I'd like the full listing transcribed exactly, with no images included.

- _Records shown_
BEGIN

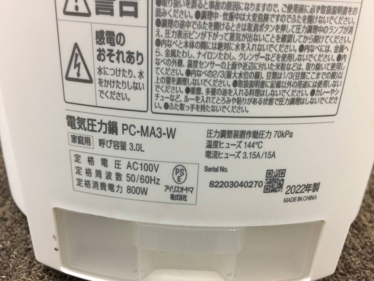 ★★美品 アイリスオーヤマ 電気圧力鍋 PC-MA3-W 2022年製★★ | ||||||||||||||||||||||||||||||||||||
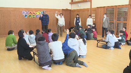 今年度最後のEnglishキャラバンが先週木曜日(7日)附馬牛児童館で行われ、 児童たちが楽しみながら英語を学びました。Englishキャラバンは、グローバルな人材を育成するため、子どもたちに遊びを通して英語に対する興味や関心を高めてもらおうと遠野市教育委員会が実施しています。この日は、附馬牛児童館を利用する児童およそ30人が参加しました。講師を勤めたのは、外国人キャラバン隊員の、アヤシビラルさんなど4人です。この日は、はじめに誕生日会が開かれ、児童館を利用する児童のうち3月生まれの児童たちが、英語を使って自分の名前や誕生日などを紹介しました。続いて行われた2つの中から人数が多い方を予想するゲームでは、児童たちは、先生のジェスチャーやこれまで学んだ単語をヒントに答えを探っていました。ほかにも絵本の読み聞かせのほか、英語で先生に質問をする時間や英語の歌とダンスをみんなで踊るなど、参加した児童たちは、楽しみながら英語を学んでいる様子でした。なお遠野市教育委員会では、来年度もグローバル人材育成推進事業に力を入れるとしており、小学生だけではなく幼児から高校生まですべての年代の子どもたちに対し異文化体験活動を実施するということです。Copyright(C) TonoCableTelevision. All rights reserved.
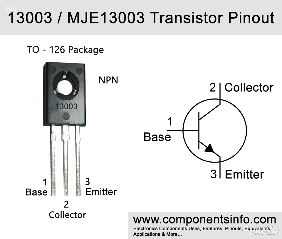 1. MJE13003 - STM, 400V, 1.5A, 40W, TO126, 3000бр. - 0.36 евро на брой
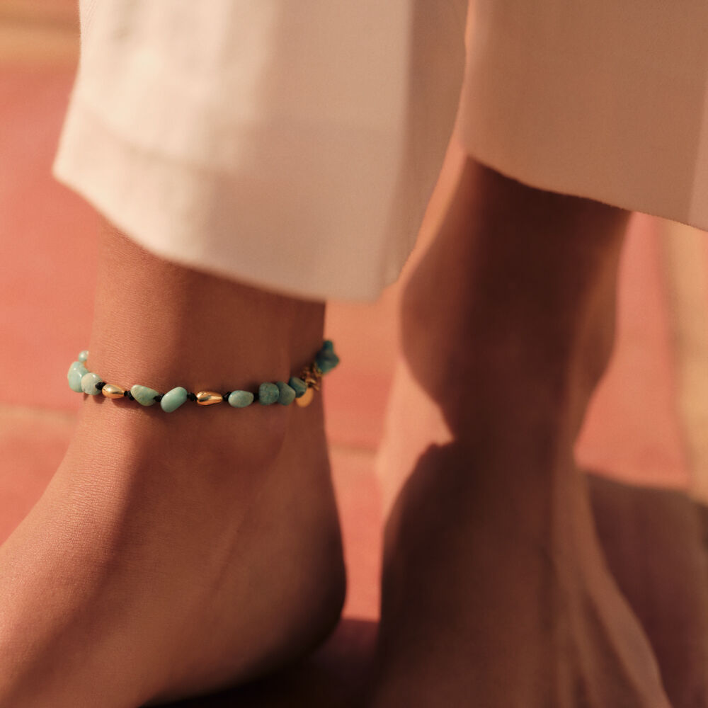 Chaine de cheville en acier et pierres naturelles. Une pièce estivale pleine de fraîcheur, conçue pour ajouter une touche de couleur à toutes vos silhouettes.
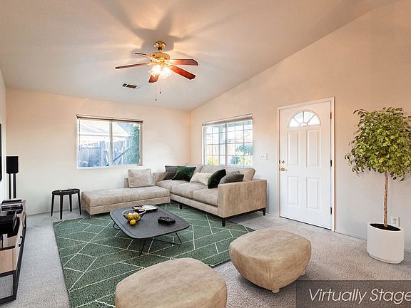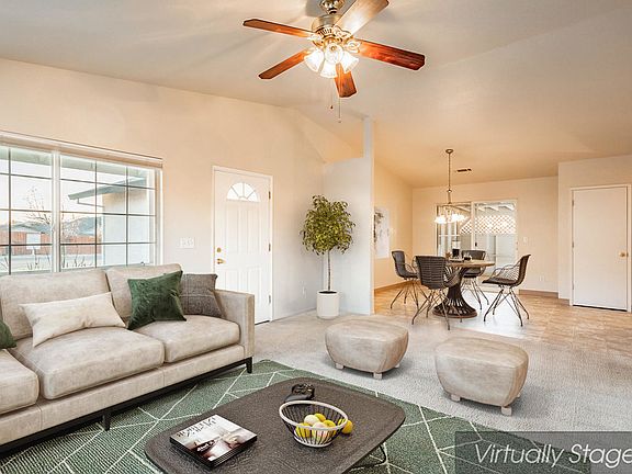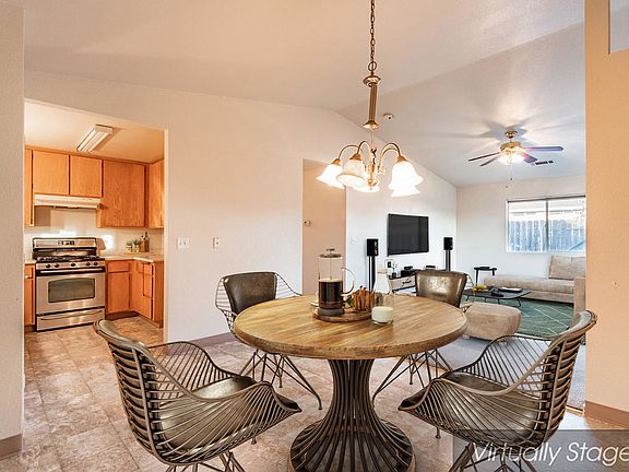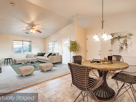 Move in ready 4 bedroom home with a large fenced yard! Bright and open featuring vaulted ceilings and new flooring in the kitchen and dining area. Ceiling fans and central heat/air. Great kitchen with a stainless steel range, pantry and dining area with patio access. Spacious master with a walk in closet. Enjoy the enclosed patio & gated RV parking
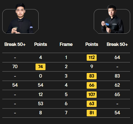 短休后,第5局,赵心童抓住斯佳辉失误,单杆65分制胜,扩大比分优势。第6局。双方失误不断,最后还是赵心童拿下,5-1到赛点。第7局,斯佳辉状态丝毫没有起色,还是失误不断,最后赵心童一杆54分,锁定胜局,6-1大胜斯佳辉。

END

- _Solution to this problem_
 ★★美品 アイリスオーヤマ 電気圧力鍋 PC-MA3-W 2022年製★★ | ||||||||||||||||||||||||||||||||||||
 今年度最後のEnglishキャラバンが先週木曜日(7日)附馬牛児童館で行われ、 児童たちが楽しみながら英語を学びました。Englishキャラバンは、グローバルな人材を育成するため、子どもたちに遊びを通して英語に対する興味や関心を高めてもらおうと遠野市教育委員会が実施しています。この日は、附馬牛児童館を利用する児童およそ30人が参加しました。講師を勤めたのは、外国人キャラバン隊員の、アヤシビラルさんなど4人です。この日は、はじめに誕生日会が開かれ、児童館を利用する児童のうち3月生まれの児童たちが、英語を使って自分の名前や誕生日などを紹介しました。続いて行われた2つの中から人数が多い方を予想するゲームでは、児童たちは、先生のジェスチャーやこれまで学んだ単語をヒントに答えを探っていました。ほかにも絵本の読み聞かせのほか、英語で先生に質問をする時間や英語の歌とダンスをみんなで踊るなど、参加した児童たちは、楽しみながら英語を学んでいる様子でした。なお遠野市教育委員会では、来年度もグローバル人材育成推進事業に力を入れるとしており、小学生だけではなく幼児から高校生まですべての年代の子どもたちに対し異文化体験活動を実施するということです。Copyright(C) TonoCableTelevision. All rights reserved.
 1. MJE13003 - STM, 400V, 1.5A, 40W, TO126, 3000бр. - 0.36 евро на брой
 Chaine de cheville en acier et pierres naturelles. Une pièce estivale pleine de fraîcheur, conçue pour ajouter une touche de couleur à toutes vos silhouettes.
 Move in ready 4 bedroom home with a large fenced yard! Bright and open featuring vaulted ceilings and new flooring in the kitchen and dining area. Ceiling fans and central heat/air. Great kitchen with a stainless steel range, pantry and dining area with patio access. Spacious master with a walk in closet. Enjoy the enclosed patio & gated RV parking
 短休后,第5局,赵心童抓住斯佳辉失误,单杆65分制胜,扩大比分优势。第6局。双方失误不断,最后还是赵心童拿下,5-1到赛点。第7局,斯佳辉状态丝毫没有起色,还是失误不断,最后赵心童一杆54分,锁定胜局,6-1大胜斯佳辉。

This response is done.